DataRobot (3.5/5) is the better choice when enterprises wanting to reduce ML engineering bottlenecks with an automated AutoML platform rather than a bespoke development services engagement. If your situation matches those criteria, DataRobot is a competitive option.
Related comparisons
Oxagile vs DataRobot FAQ
Is Oxagile better than DataRobot?
Oxagile (3.8/5) scores higher overall, but "better" depends on your use case. Oxagile is better for media, sports, and AdTech companies needing AI and ML capabilities integrated into video platforms and content analytics systems. DataRobot is better for enterprises wanting to reduce ML engineering bottlenecks with an automated AutoML platform rather than a bespoke development services engagement.
How do Oxagile and DataRobot differ in pricing?
Oxagile uses fixed project, dedicated team, t&m pricing with a minimum engagement of $25K. DataRobot uses platform subscription, professional services pricing with a minimum engagement of $100K/year. Neither firm publishes a full rate card; a discovery call is required for project-specific quotes.
Which is better for enterprise: Oxagile or DataRobot?
DataRobot is the larger team and typically the better enterprise-scale choice. For very large programmes, verify team size and compliance coverage directly with each company before shortlisting.
What are the main differences between Oxagile and DataRobot?

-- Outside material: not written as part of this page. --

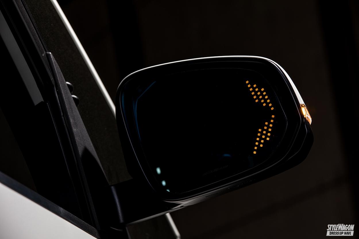 ウインカー連動で点灯するLEDを内蔵した、視認性抜群のブルーミラー。LEDはシーケンシャルと点滅の4つの点灯パターンを切り替えできる。

Oxagile's primary differentiator is: 20-year video technology specialist with strong computer vision and video analytics ml capability for media, sports, and adtech clients. DataRobot's primary differentiator is: enterprise automl platform that automates model building and deployment — a software product with professional services, not a custom development services firm. They also differ in team size (400–600 vs 1,000–2,000), minimum engagement ($25K vs $100K/year), and primary industries served (E-commerce, Healthcare vs Fintech, Healthcare).
Last reviewed: July 2026. Verify all details directly with each company before making a decision.